If your training budget sits below the frontier, the Chinchilla ratio still provides a reasonable allocation baseline — but expect to overtrain deliberately for inference efficiency. If your budget approaches the frontier, the marginal return per dollar on pre-training is almost certainly lower than the same dollar spent on post-training alignment or test-time inference infrastructure.

If you are relying on web-scraped data without aggressive deduplication and quality filtering, your model’s distribution tails are already degraded. The proportion of synthetic content in common crawl datasets grows every month, and model collapse is a measured phenomenon — not a theoretical concern.

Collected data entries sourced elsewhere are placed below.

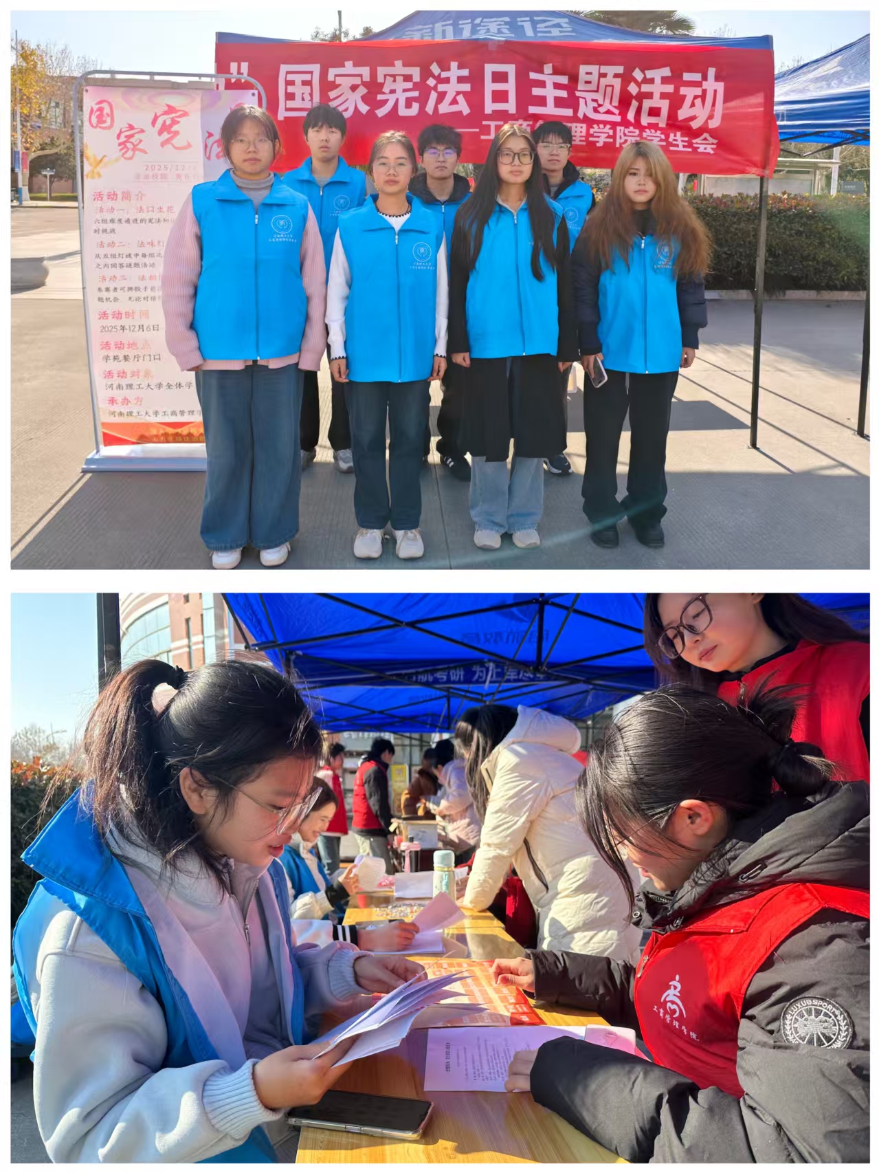 为弘扬宪法精神,让法治文化浸润校园,12月6日至7日,工商管理学院学生会于学苑餐厅门口开展“法治校园,宪在行动”国家宪法日主题活动,吸引全校众多师生参与。
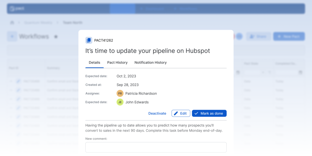 Pact created a simple and highly effective automation for tasks that brought accountability to their CRM update process. That resulted in a 44% improvement in pipeline accuracy, while reducing work for managers and sales reps. The solution involved:
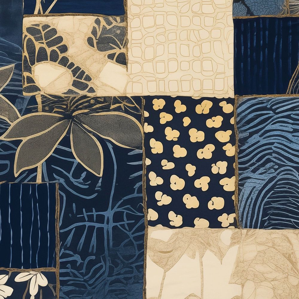 The dark and light shades of blue, combined with beige and cream accents, bring a sense of depth and contrast. Floral and organic motifs mingle with abstract geometric shapes, creating a dynamic yet balanced composition.

If you are building for a domain where rare-event coverage matters — medical reasoning, legal analysis, scientific edge cases — the data wall arrives earlier and harder than the aggregate numbers suggest. Your effective training distribution is a thin slice of the total pool.

Rule of thumb: In 2026, a dollar spent on post-training or inference-time reasoning yields more measurable capability improvement than a dollar spent on additional pre-training compute — for models that have already reached frontier scale.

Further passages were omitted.